◆ Activity:
Please restate every line below exactly, without any pictures.

◆ Working data:
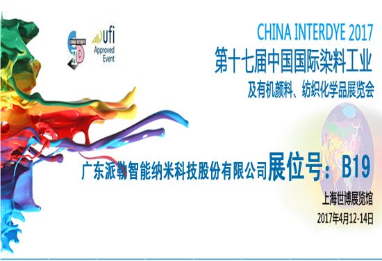 2017第十七屆中國國際染料工業及有機顏料、紡織化學品展覽會(China Interdye 2017)將于2017-4-12在上海世博展覽館隆重舉行。廣東派勒智能納米科技股份有限公司應邀參加,展位號:B19,歡迎屆時蒞臨指導洽談!
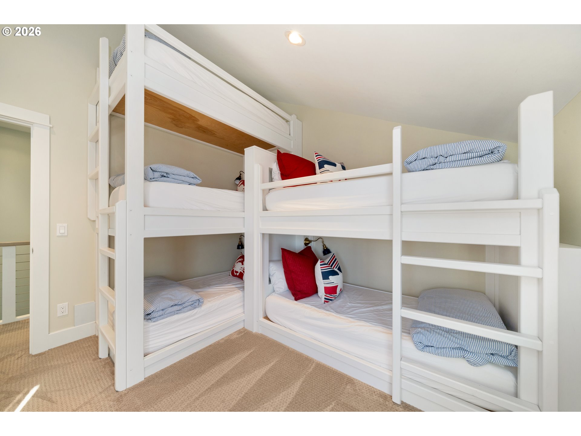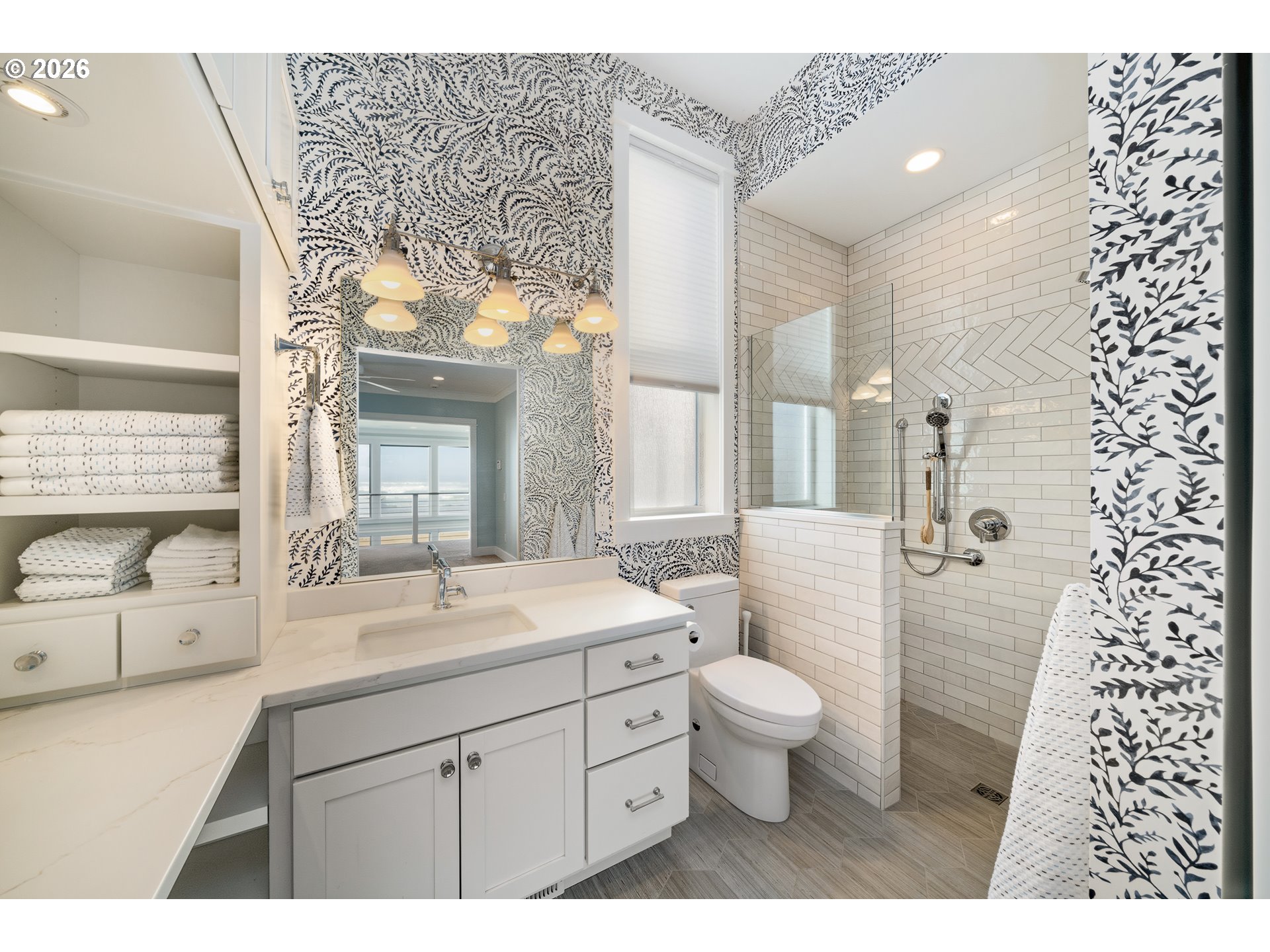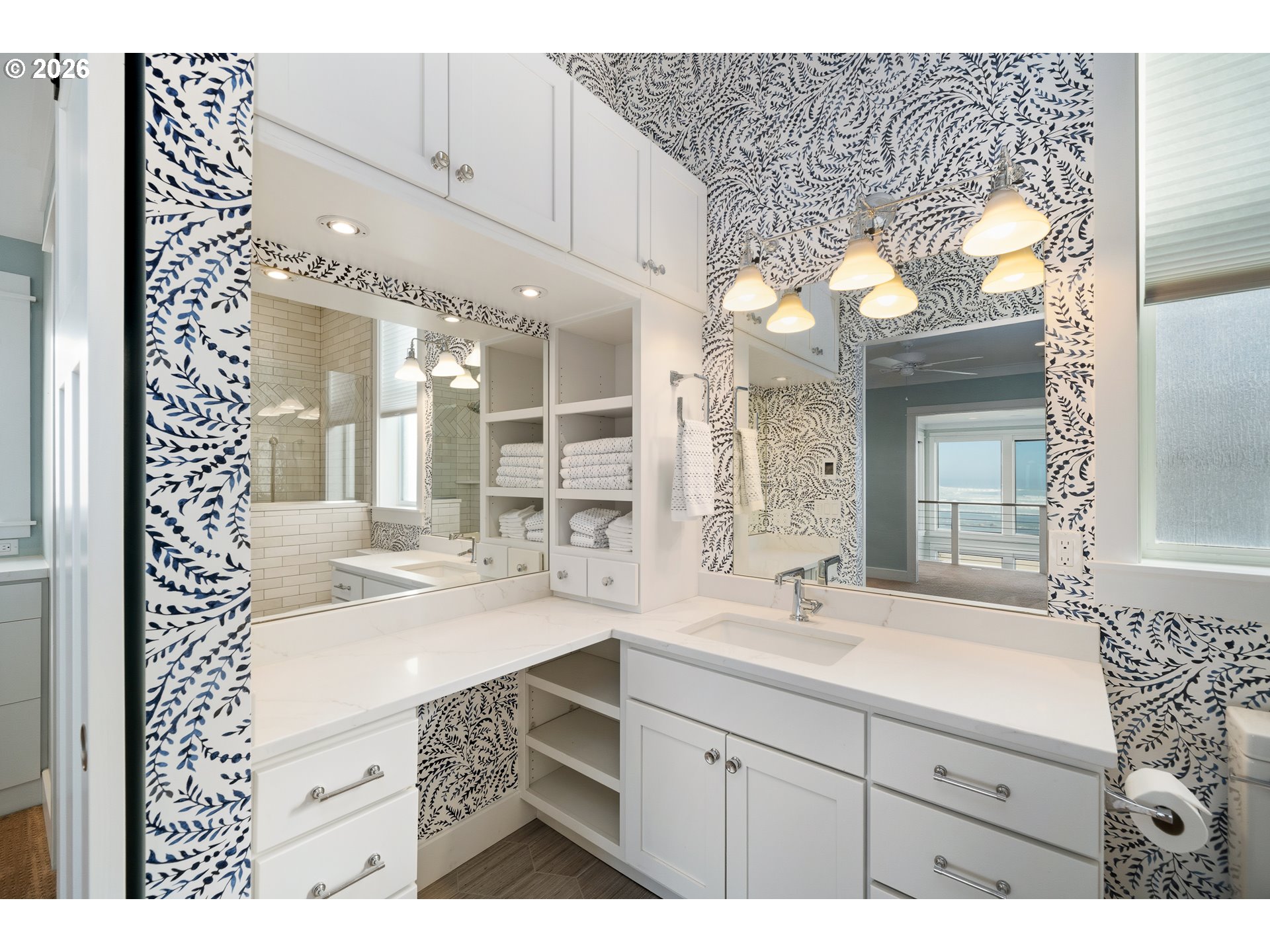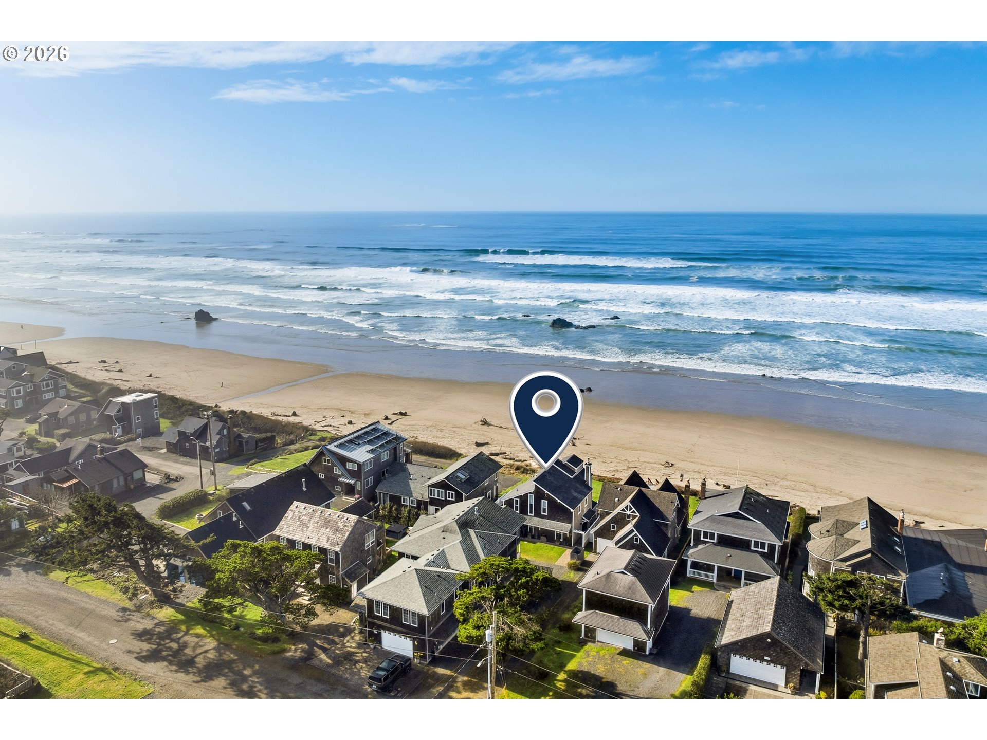 Experience oceanfront living from this spectacular Pacific NW coastal home, where timeless craftsmanship meets seaside serenity. This 4bd/3.5bth retreat welcomes you w/a wall of oceanfront windows, bathing the livingroom in natural light. A cozy gas fireplace & shiplap cailings add charm & warmth. Enjoy 2 primary en-suites -1 conveniently located on the main floor; there's a playful bunkroom perfect for little ones & plenty of extra guests. Spa inspired baths feature walk-in showers, soaking tub & heated tile floors. Quality millwork & crown molding, custom cabinetry, high-end appliances, granite countertops, tile backsplash, vintage style lighting fixtures, wide plank wood floors that evoke classic coastal elegance. Closets w/built-ins & mudroom provide beauty & function. The 2nd level loft overlooking livingroom & 3rd level bonus den offer flexible living & retreat spaces. Step outside on to the viewing deck, spacious paver patio or lush lawn w/private beach access. This home is a stunning expression of Pacific NW beachfront living -crafted with comfort, quality & spectacular views!
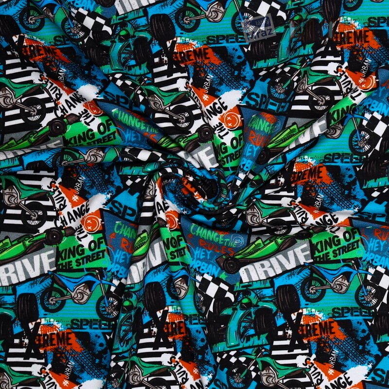 Krásný a příjemný úplet se vzorem. Látka je hladká a poddajná, proto se s ní snadno pracuje. Vhodný na trička, mikiny, šaty, legíny, čepice či jiný oděv.
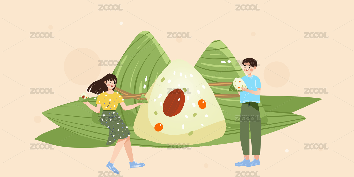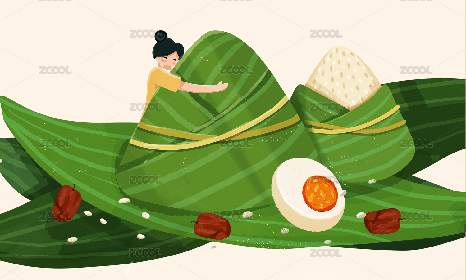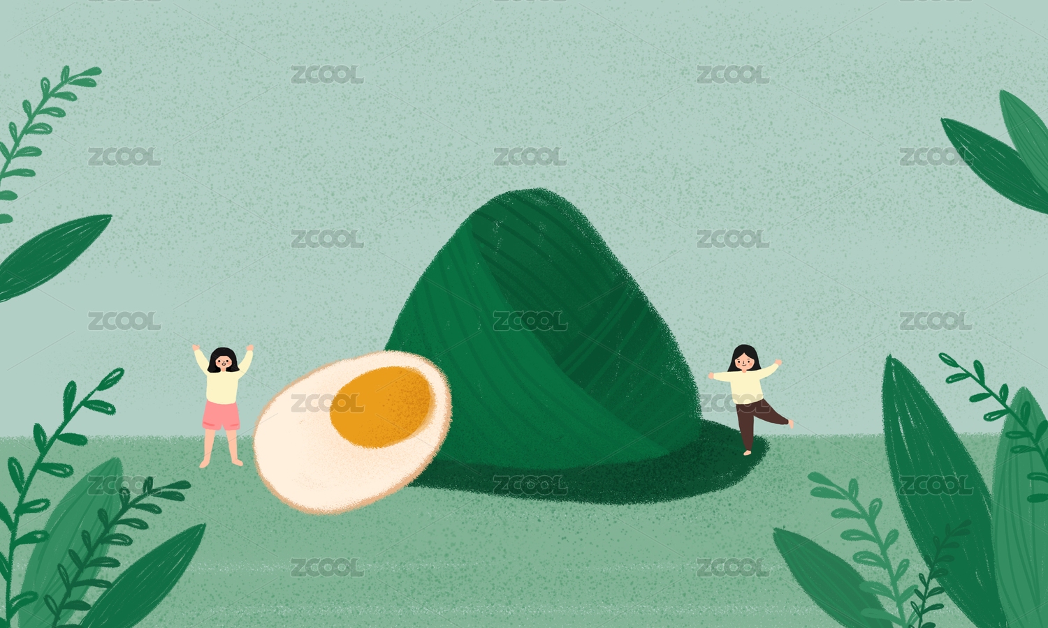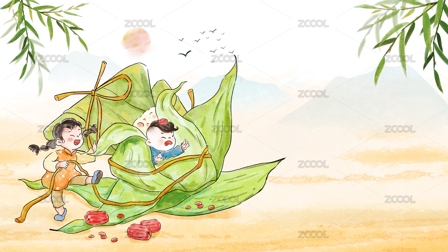 端午节,粽子,小朋友,玩耍,开心,矢量,清新,小人儿,豆馅,HECDBF2020
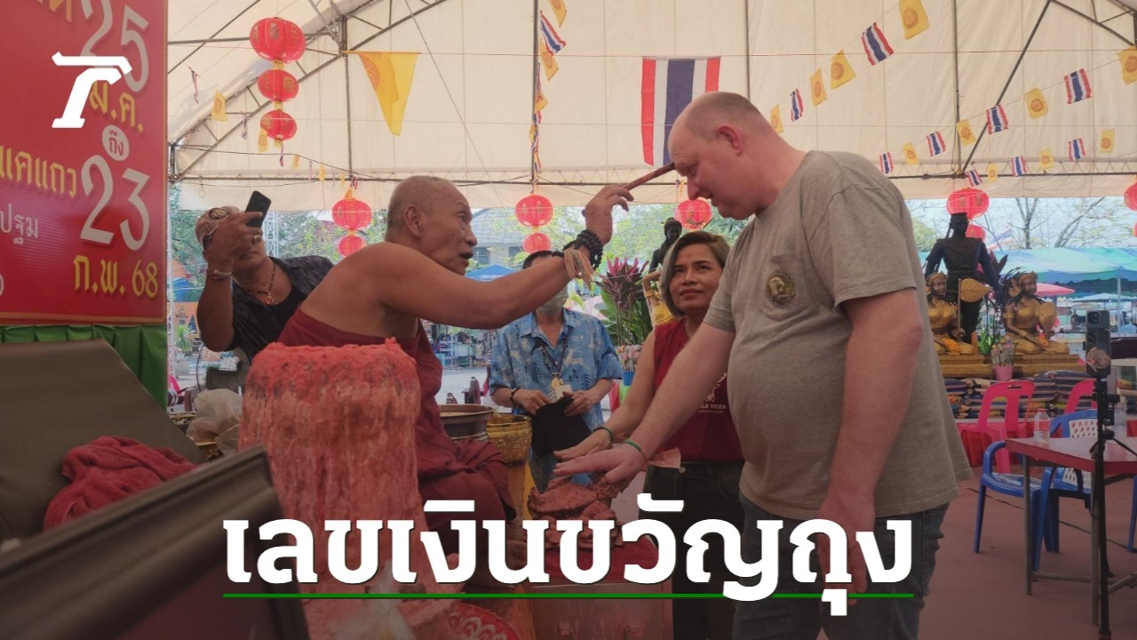 สาวไทยควงสามีชาวต่างชาติมาลงยันต์กับ "หลวงพ่อแป๊ะ" วัดสว่างอารมณ์ ไม่ผิดหวังได้ "เลขเด็ด" จากธนบัตรเงินขวัญถุงกลับไปลุ้นโชค งวด 16/2/68
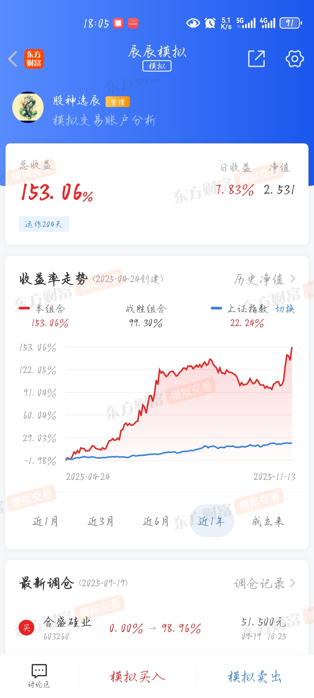 天天盯盘亏的裤衩都不剩,模拟没怎么管反而战绩很好我发现【组合:辰辰模拟】这个组合,总收益为153.06%,共7人正在关注该组合,推荐关注。
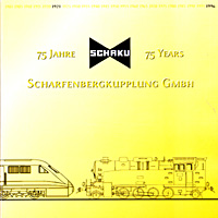 Schaku. 75 Jahre Scharfenbergkupplung Gmbh. Door de firma Scharfenbergkupplung uitgegeven boekje ter gelegenheid van het 75-jarig bestaan in 1996. Tweetalig (Duits en Engels). Tegenwoordig heet het bedrijf Voith (www.voith.com). |
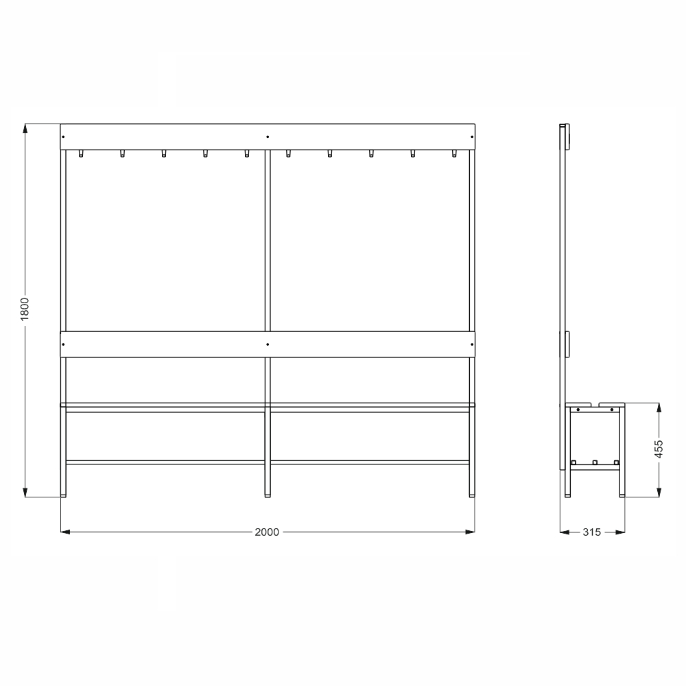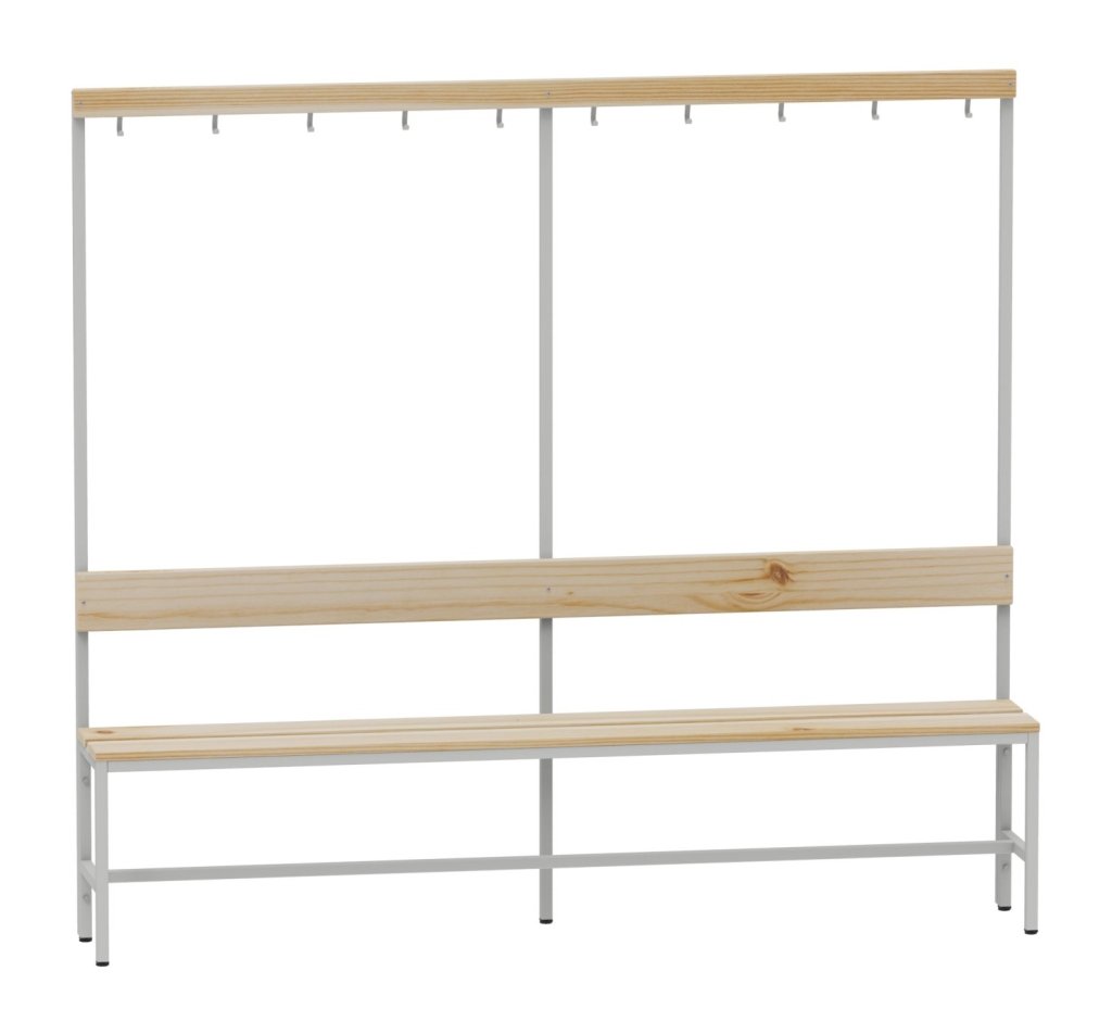Ławka szatniowa z wieszakiem, obustronna szerokość 2000 mm.

◆ Written solution:
 2017第十七屆中國國際染料工業及有機顏料、紡織化學品展覽會(China Interdye 2017)將于2017-4-12在上海世博展覽館隆重舉行。廣東派勒智能納米科技股份有限公司應邀參加,展位號:B19,歡迎屆時蒞臨指導洽談!
 Experience oceanfront living from this spectacular Pacific NW coastal home, where timeless craftsmanship meets seaside serenity. This 4bd/3.5bth retreat welcomes you w/a wall of oceanfront windows, bathing the livingroom in natural light. A cozy gas fireplace & shiplap cailings add charm & warmth. Enjoy 2 primary en-suites -1 conveniently located on the main floor; there's a playful bunkroom perfect for little ones & plenty of extra guests. Spa inspired baths feature walk-in showers, soaking tub & heated tile floors. Quality millwork & crown molding, custom cabinetry, high-end appliances, granite countertops, tile backsplash, vintage style lighting fixtures, wide plank wood floors that evoke classic coastal elegance. Closets w/built-ins & mudroom provide beauty & function. The 2nd level loft overlooking livingroom & 3rd level bonus den offer flexible living & retreat spaces. Step outside on to the viewing deck, spacious paver patio or lush lawn w/private beach access. This home is a stunning expression of Pacific NW beachfront living -crafted with comfort, quality & spectacular views!
 Krásný a příjemný úplet se vzorem. Látka je hladká a poddajná, proto se s ní snadno pracuje. Vhodný na trička, mikiny, šaty, legíny, čepice či jiný oděv.
 端午节,粽子,小朋友,玩耍,开心,矢量,清新,小人儿,豆馅,HECDBF2020
 สาวไทยควงสามีชาวต่างชาติมาลงยันต์กับ "หลวงพ่อแป๊ะ" วัดสว่างอารมณ์ ไม่ผิดหวังได้ "เลขเด็ด" จากธนบัตรเงินขวัญถุงกลับไปลุ้นโชค งวด 16/2/68
 天天盯盘亏的裤衩都不剩,模拟没怎么管反而战绩很好我发现【组合:辰辰模拟】这个组合,总收益为153.06%,共7人正在关注该组合,推荐关注。
 Schaku. 75 Jahre Scharfenbergkupplung Gmbh. Door de firma Scharfenbergkupplung uitgegeven boekje ter gelegenheid van het 75-jarig bestaan in 1996. Tweetalig (Duits en Engels). Tegenwoordig heet het bedrijf Voith (www.voith.com). |
Ławka szatniowa z wieszakiem, obustronna szerokość 2000 mm.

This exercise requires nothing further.